Question

find the desired AA sequence location in Protein fasta file

0

Entering edit mode

3.2 years ago

shivam-gupta • 0

I am working with FASTA files of protein. I want to locate the desired AA sequence in every clone of the protein fasta file using python.

    records=SeqIO.parse("protein.fasta", ''fasta'') #to extract protein sequences from FASTA file
    for record in records:
        output=record.sec 


    print(output) #just to show how the output looks like.
    #I used ** to hightlight the desired area
    enter code here
    -->VVSREL**QALEA**IRQKDEEDABCKARFRGIFSH
    -->VVSRPQREEARJKLMIRQKDEED**KARFRG**IFSH
    -->VVSREL**QALEA**RIRDKARFRGIFSH  
    enter code here

 f=open('amino_acids.txt', 'r')     #to get the AA sequences from the text file or what is inside the file
 for i in f:   #to show how this file looks like
     print(i)
    -->'QALEA', 'KARFRG', 'QALEAR','KAKAKA', 'PAKAR'
#to match my AA sequences with the protein sequences
 for i in f:
    for j in output:
        if i in j:
            print('found')
        else:
            print('not fount')
 #output
    --> error
    --> error
    -->error

How to locate the desired AA sequences in the protein fasta file.

Any help will be appreciated.

python biopython • 1.4k views

ADD COMMENT • link updated 2.0 years ago by Ram 44k • written 3.2 years ago by shivam-gupta • 0

0

Entering edit mode

I have a related script that may help you adapt yours as well. It's called find_sequence_element_occurrences_in_sequence.py and the information about it is here, including a link to a demo Jupyter notebook and how you can run it using sessions served by the MyBinder.org. It's not as refined as my more recent script development; however, it may give you some ideas. Also note the description takes about how it was originally written for nucleic acid and so searches what it thinks should be there as another strand that's moot in case of protein and suggests how to fix.

Down the road, you may want fuzzier search abilities with pattern matching or using regular expressions for examining sequences, and on the README page of that sequencework/FindSequence subrepo there's some resources and information about that. It links to a whole demo on use of PatMatch that I made. PatMatch is a program for finding patterns in peptide and nucleotide sequences. Plus you may want to incorporate some approaches where there's less for you to maintain and I've got a list of related resources there as well.

ADD REPLY • link 3.2 years ago by Wayne ★ 2.1k

1

Entering edit mode

Since the original question is about python code I will move this to a comment. While useful this is not directly answering the original question.

ADD REPLY • link 3.2 years ago by GenoMax 149k

score 0 · Answer 1 · 2021-12-02

you can use the find method of Seq object to search for matches. It will return the position of the start.

from Bio.Seq import Seq
from collections import defaultdict

records = SeqIO.parse("protein.fasta", ''fasta'') #to extract protein sequences from 
amino_acids = open('amino_acids.txt', 'r') 
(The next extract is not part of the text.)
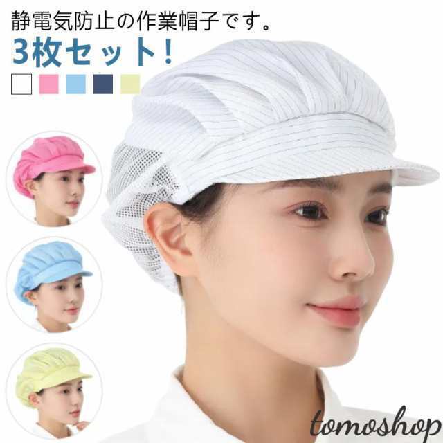 衛生帽子 ワークキャップ 3枚セット つば付き 通気性 洗える 静電気防止 業務用 帽子 衛生キャップ 作業用 ハーフネット キッチン 男女兼用 カフェ 厨房 食品工場 工場 給食 調理用 給食帽子

matches = defaultdict(list)
missing = defaultdict(list)
for record in records:
    for aa in amino_acids:  
        m = record.find(aa)
        if m > 0:
            print(record.id)
            print("matched")
            matches[aa].append(record.id)
        else:
            print(record.id)
            print("not matched")
            missing[aa].append(record.id)

I haven't tested the code but this should work. The output is a dictionary that contains the amino acid queries as the key and the record id (the fasta header) as the entries.